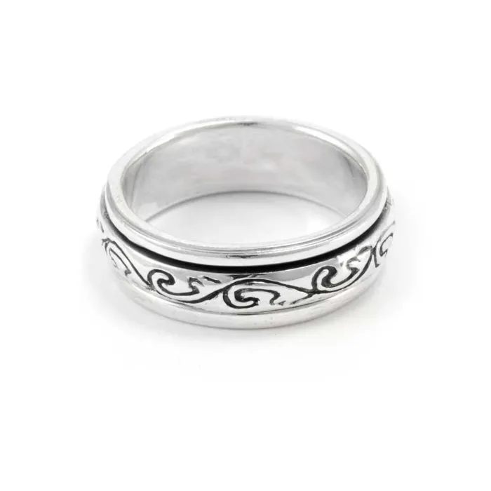 Fidgeting with a piece of jewelry that you are already wearing, is much more practical and sanitary than grabbing for a cheap plastic toy. This anti-stress jewelry can also help you associate feelings of peace and comfort with your ring, which you ALREADY own… and hopefully, love to wear. Many people are soothed by the sense of rubbing their fingers against the engraved texture of a miniature hand-crafted spinning wheel made out of a natural material like silver. The spinner can be seen by some as similar to the Buddhist wheel of life which covers the Non-linear cycle of death and rebirth. Spinning it relaxes the mind and dispels negative emotions similar to the way Buddhist Monks spin their prayer wheel.
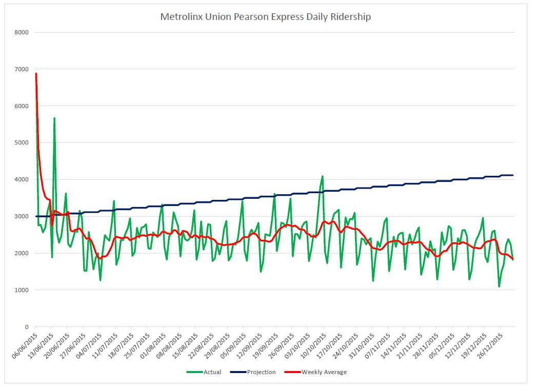 Metrolinx has updated their report on daily Union Pearson Express ridership to include the last two months of 2015.
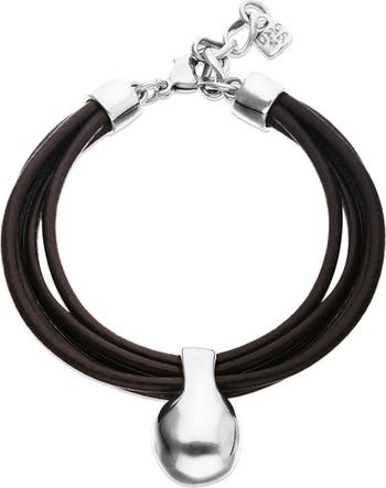 Leather bracelet with sterling silver-plated dial. A leather line that hugs your wrist, culminating in a silver dial that connects you with the essentials.
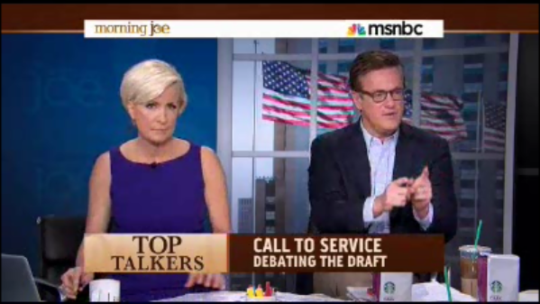 On Tuesday’s Morning Joe, the host actually called for the draft to be implemented and those not wanting to enter the military to be required at age eighteen to perform community service for two years (video follows with transcribed highlights and commentary):
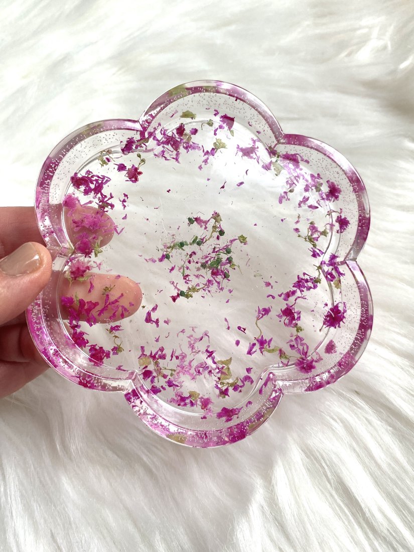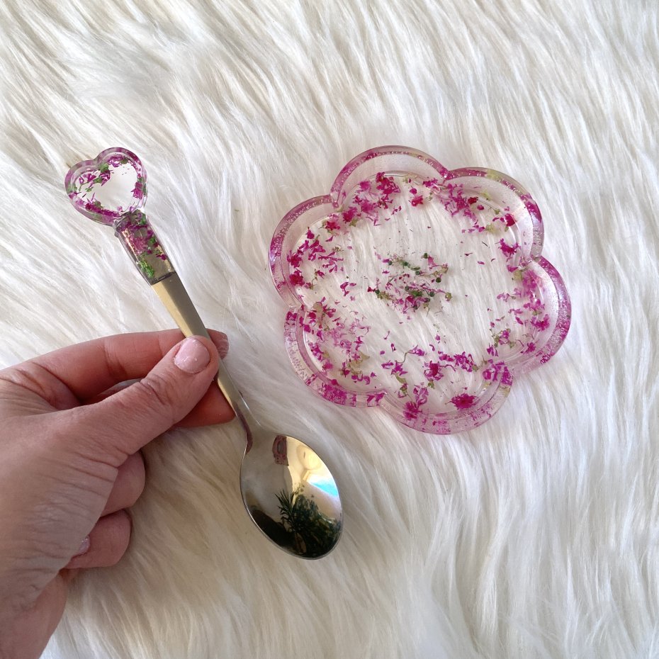 Piękna podstawka z żywicy epoksydowej, ozdobiona prawdziwymi, suszonymi kwiatami w komplecie z ozdobną łyżeczką. Każdy egzemplarz jest unikatowy, ponieważ kwiaty układają się w niepowtarzalny wzór. Podstawka i łyżeczka stanowią elegancki element nakrycia stołu i pasują także do Twojego ulubionego kubka.
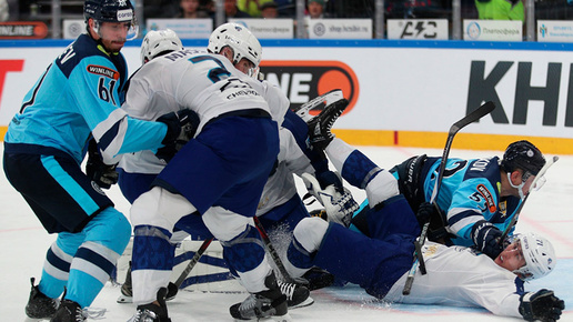 Поединок на льду: хоккеисты «Барыса» и «Сибири» набросились друг на друга после стартового вбрасывания
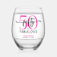 Modern Minimal Pink Fifty Fabulous Script Birthday Stemless Wine Glass
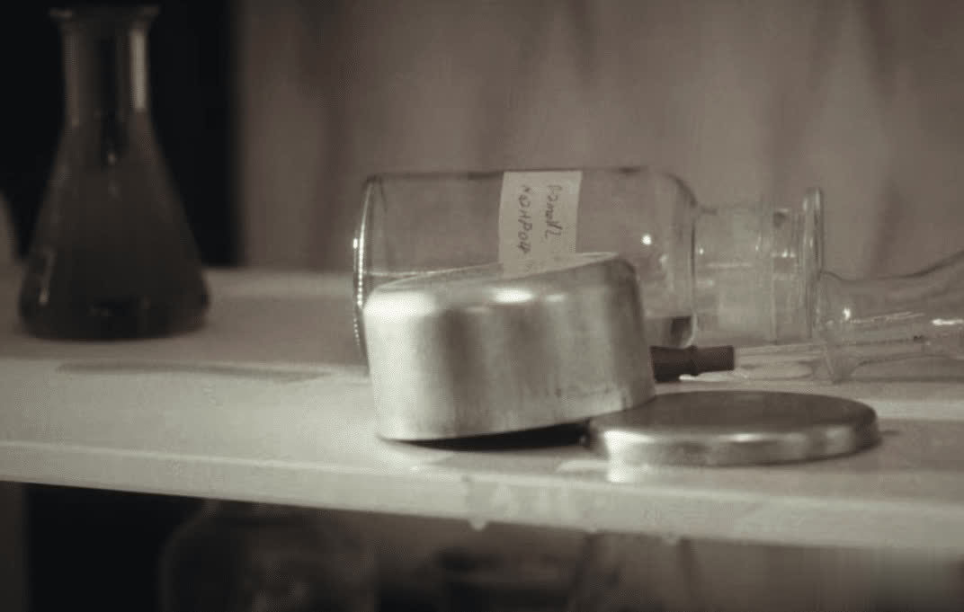 他看到了现场有很多做化学实验的工具和一张用人体做实验的照片证据。
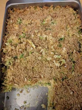 Over-proofed sourdough bread made lotsa breadcrumbs. I have been using them with abandon. Today's broccoli-brown rice-egg-cheddar-parmesan casserole was immensely improved by a layer of sourgough breadcrumbs on top. I baked the casserole long enough that the crumbs became extra crunchy.
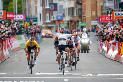 A Hirschi, incansable aún cuatro días después de ganar la Flecha, no le importó reducir más el grupo con un ataque en la dura cuesta de Boncelles, a 10 kilómetros de la meta; a los demás, Pogacar, Roglic, no les importó seguir colaborando a cuatro para evitar que enlazara el grupo que les perseguía, con Van der Poel al frente. Los cuatro, todos ellos muy rápidos, ninguno de ellos cojo en asuntos de velocidad, pensaban que podían ganar al sprint. Y los mismos protagonistas de septiembre en el Tour y en el Mundial, al sprint se la jugaron. Hasta aquí, un asunto de normalidad. Pero no lo que ocurrió en el muelle de las Ardenas, en la última recta. Por allí, mientras los cuatro se vigilaban, se amagaban, aparece repentino, como el rayo, Mohoric, un tercer esloveno en discordia. Alaphilippe, vigilante, toma la cabeza y controla volviendo la cabeza. Espera que llegue Mohoric. Intuye que va a intentar pasarles lanzado y quiere aprovechar su velocidad para arrancar su sprint. Así lo hace el francés, que a 150 metros de la llegada sale de la espalda de Mohoric al centro de la calle, con Hirschi y Pogacar pegados a su rueda; que a 100 metros, cuando el suizo está para saltar de su rueda, se mueve con brusquedad de las vallas al centro y hace perder la pedalada a Hirschi y también a Pogacar, desconsolados; que a 50 metros ya se siente ganador, a 25 se yergue vertical sobre la bici y empieza a levantar los brazos. Y todos piensan en Argentin, en Merckx, en Van Looy, en Kubler, en los que ganaron la decana de arcoíris, pero a unos centímetros el campeón del mundo ve a su derecha la sombra de un bólido amarillo, Roglic dando un golpe de riñones, que le sobrepasa sobre la línea. Y se le caen los brazos, y el alma. Y todos acordaron de la San Remo de 2004, de Zabel erguido creyéndose ganador, de Freire adelantando su rueda para ganar la primera de sus tres classicissimas.
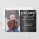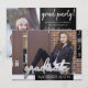 Modernes 2-Foto-Template-Overlay mit horizontalem Abschluss mit Akzenten in einer minimalistischen Schwarz-Weiß-Palette. Das Design umfasst eine schicke, handgeschriebene Pinselschrift, die Typografie und das Bild des Absolventen abbildet, sowie den Namen und das Abschluss-Jahr des Absolventen. Auf der Rückseite ist ein zweites Bild und die Details des Party. #gradparty #bound #graduationparty #classof2019
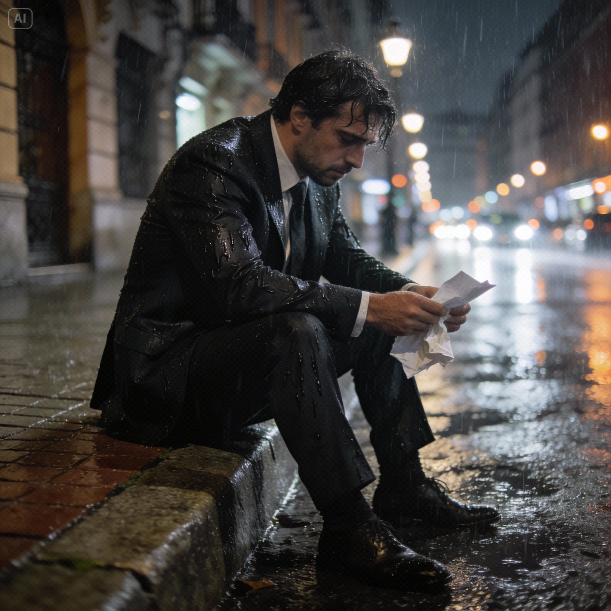 Apreté el billete con fuerza hasta que mis nudillos se pusieron blancos. Un sollozo se formó en mi pecho, algo irregular y doloroso que no podía reprimir. Me recosté contra la fría piedra de la pared del hotel, deslizándome hasta quedar agachado en el pavimento mojado, ignorando el frío que me calaba los huesos.
---
PROBLEM DETAILS
If an entry contains a picture, skip the picture and reproduce everything else exactly.

EXERCISE RESULT
 Fidgeting with a piece of jewelry that you are already wearing, is much more practical and sanitary than grabbing for a cheap plastic toy. This anti-stress jewelry can also help you associate feelings of peace and comfort with your ring, which you ALREADY own… and hopefully, love to wear. Many people are soothed by the sense of rubbing their fingers against the engraved texture of a miniature hand-crafted spinning wheel made out of a natural material like silver. The spinner can be seen by some as similar to the Buddhist wheel of life which covers the Non-linear cycle of death and rebirth. Spinning it relaxes the mind and dispels negative emotions similar to the way Buddhist Monks spin their prayer wheel.
 Metrolinx has updated their report on daily Union Pearson Express ridership to include the last two months of 2015.
 Leather bracelet with sterling silver-plated dial. A leather line that hugs your wrist, culminating in a silver dial that connects you with the essentials.
 On Tuesday’s Morning Joe, the host actually called for the draft to be implemented and those not wanting to enter the military to be required at age eighteen to perform community service for two years (video follows with transcribed highlights and commentary):
 Piękna podstawka z żywicy epoksydowej, ozdobiona prawdziwymi, suszonymi kwiatami w komplecie z ozdobną łyżeczką. Każdy egzemplarz jest unikatowy, ponieważ kwiaty układają się w niepowtarzalny wzór. Podstawka i łyżeczka stanowią elegancki element nakrycia stołu i pasują także do Twojego ulubionego kubka.
 Поединок на льду: хоккеисты «Барыса» и «Сибири» набросились друг на друга после стартового вбрасывания
 Modern Minimal Pink Fifty Fabulous Script Birthday Stemless Wine Glass
 他看到了现场有很多做化学实验的工具和一张用人体做实验的照片证据。
 Over-proofed sourdough bread made lotsa breadcrumbs. I have been using them with abandon. Today's broccoli-brown rice-egg-cheddar-parmesan casserole was immensely improved by a layer of sourgough breadcrumbs on top. I baked the casserole long enough that the crumbs became extra crunchy.
 A Hirschi, incansable aún cuatro días después de ganar la Flecha, no le importó reducir más el grupo con un ataque en la dura cuesta de Boncelles, a 10 kilómetros de la meta; a los demás, Pogacar, Roglic, no les importó seguir colaborando a cuatro para evitar que enlazara el grupo que les perseguía, con Van der Poel al frente. Los cuatro, todos ellos muy rápidos, ninguno de ellos cojo en asuntos de velocidad, pensaban que podían ganar al sprint. Y los mismos protagonistas de septiembre en el Tour y en el Mundial, al sprint se la jugaron. Hasta aquí, un asunto de normalidad. Pero no lo que ocurrió en el muelle de las Ardenas, en la última recta. Por allí, mientras los cuatro se vigilaban, se amagaban, aparece repentino, como el rayo, Mohoric, un tercer esloveno en discordia. Alaphilippe, vigilante, toma la cabeza y controla volviendo la cabeza. Espera que llegue Mohoric. Intuye que va a intentar pasarles lanzado y quiere aprovechar su velocidad para arrancar su sprint. Así lo hace el francés, que a 150 metros de la llegada sale de la espalda de Mohoric al centro de la calle, con Hirschi y Pogacar pegados a su rueda; que a 100 metros, cuando el suizo está para saltar de su rueda, se mueve con brusquedad de las vallas al centro y hace perder la pedalada a Hirschi y también a Pogacar, desconsolados; que a 50 metros ya se siente ganador, a 25 se yergue vertical sobre la bici y empieza a levantar los brazos. Y todos piensan en Argentin, en Merckx, en Van Looy, en Kubler, en los que ganaron la decana de arcoíris, pero a unos centímetros el campeón del mundo ve a su derecha la sombra de un bólido amarillo, Roglic dando un golpe de riñones, que le sobrepasa sobre la línea. Y se le caen los brazos, y el alma. Y todos acordaron de la San Remo de 2004, de Zabel erguido creyéndose ganador, de Freire adelantando su rueda para ganar la primera de sus tres classicissimas.
 Modernes 2-Foto-Template-Overlay mit horizontalem Abschluss mit Akzenten in einer minimalistischen Schwarz-Weiß-Palette. Das Design umfasst eine schicke, handgeschriebene Pinselschrift, die Typografie und das Bild des Absolventen abbildet, sowie den Namen und das Abschluss-Jahr des Absolventen. Auf der Rückseite ist ein zweites Bild und die Details des Party. #gradparty #bound #graduationparty #classof2019
 Apreté el billete con fuerza hasta que mis nudillos se pusieron blancos. Un sollozo se formó en mi pecho, algo irregular y doloroso que no podía reprimir. Me recosté contra la fría piedra de la pared del hotel, deslizándome hasta quedar agachado en el pavimento mojado, ignorando el frío que me calaba los huesos.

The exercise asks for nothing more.